* _TASK DIRECTIONS_: Although the data below contains pictures, output only the lines between those holding "近日,新鄉平原示范區投資集團" and "Logitech G502 HERO", inclusive, exactly and without those pictures.

* _DATA RECORDS_:

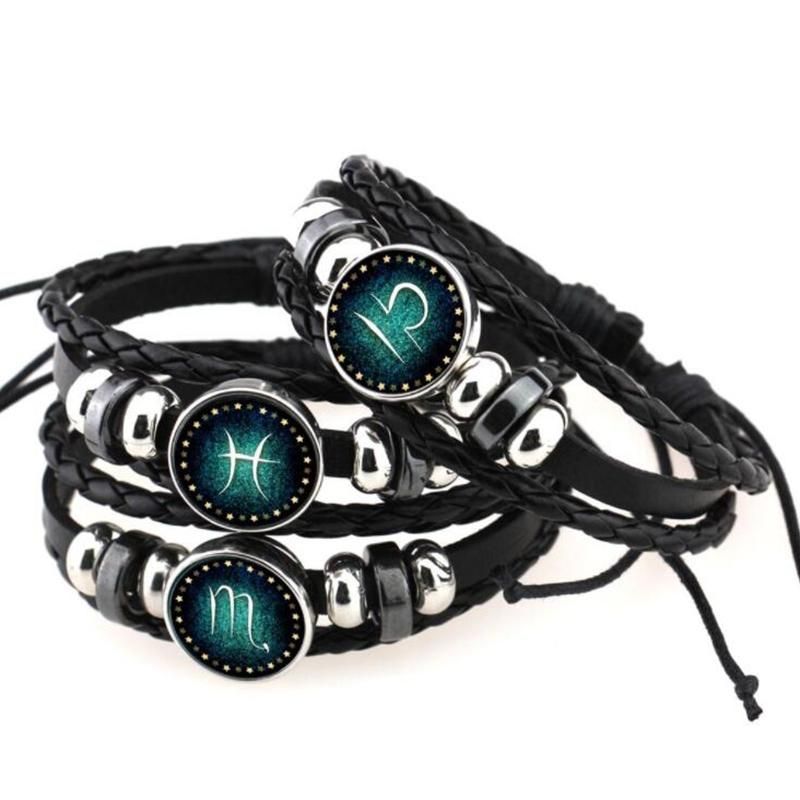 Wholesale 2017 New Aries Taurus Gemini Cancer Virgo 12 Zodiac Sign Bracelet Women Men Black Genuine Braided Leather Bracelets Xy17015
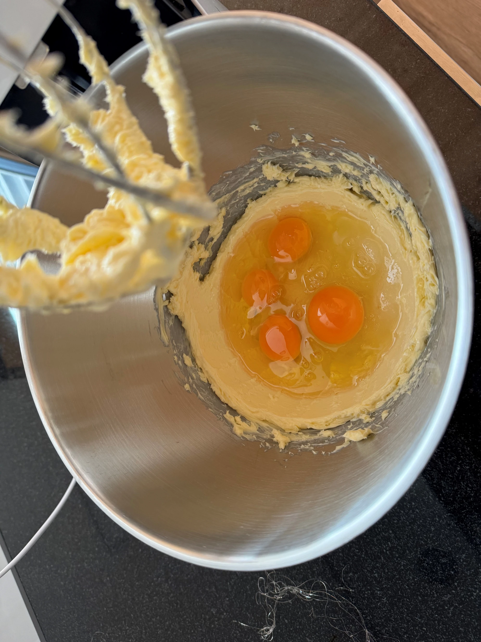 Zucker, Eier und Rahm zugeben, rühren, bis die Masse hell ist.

==

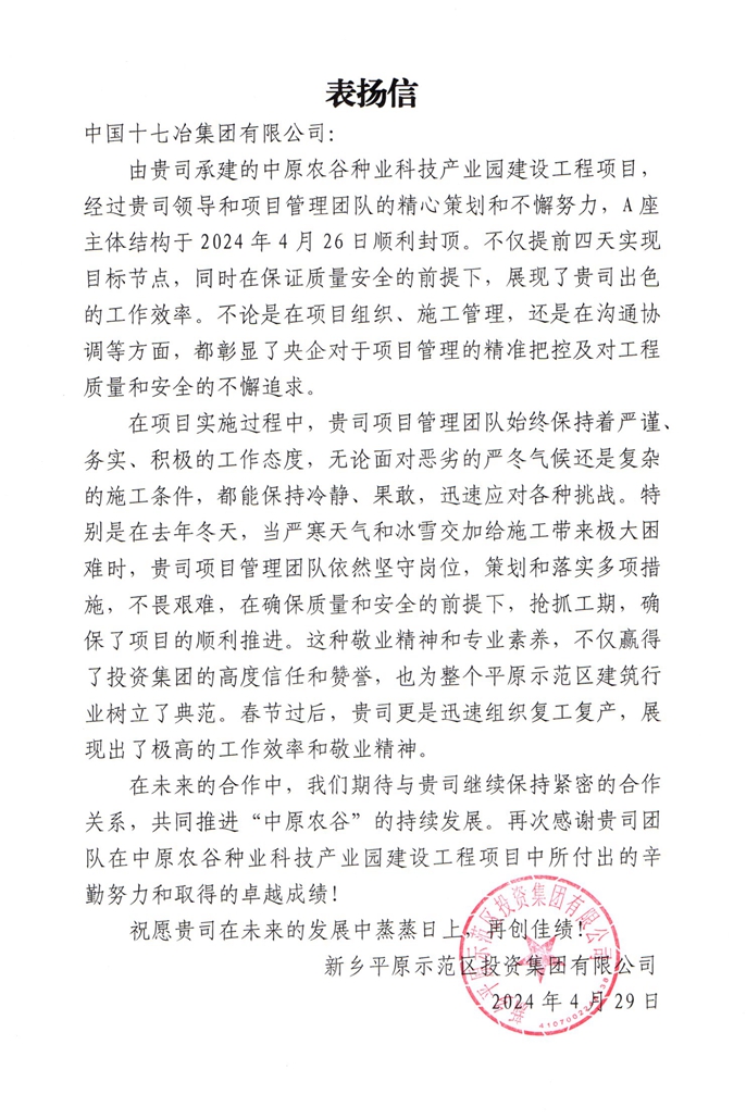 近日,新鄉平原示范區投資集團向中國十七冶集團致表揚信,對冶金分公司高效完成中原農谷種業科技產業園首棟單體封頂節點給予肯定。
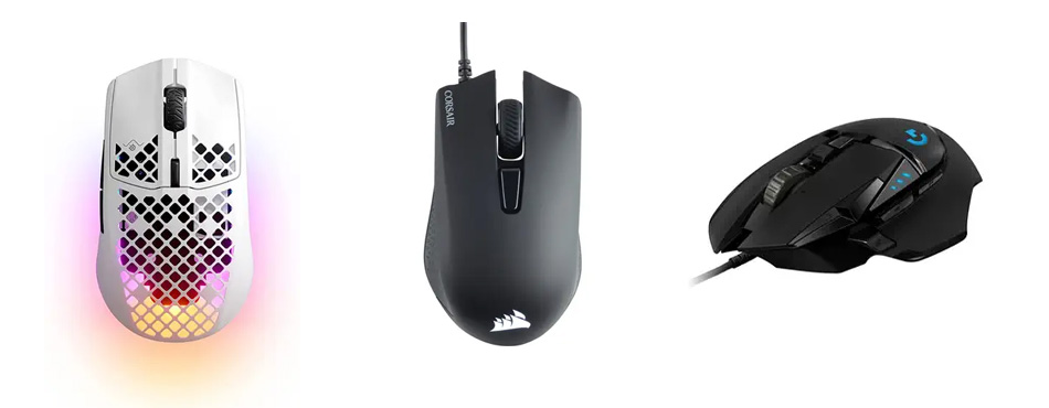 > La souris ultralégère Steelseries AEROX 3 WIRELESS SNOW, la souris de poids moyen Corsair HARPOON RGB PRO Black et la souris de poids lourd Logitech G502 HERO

* _ANSWER SPACE_:
 近日,新鄉平原示范區投資集團向中國十七冶集團致表揚信,對冶金分公司高效完成中原農谷種業科技產業園首棟單體封頂節點給予肯定。
 > La souris ultralégère Steelseries AEROX 3 WIRELESS SNOW, la souris de poids moyen Corsair HARPOON RGB PRO Black et la souris de poids lourd Logitech G502 HERO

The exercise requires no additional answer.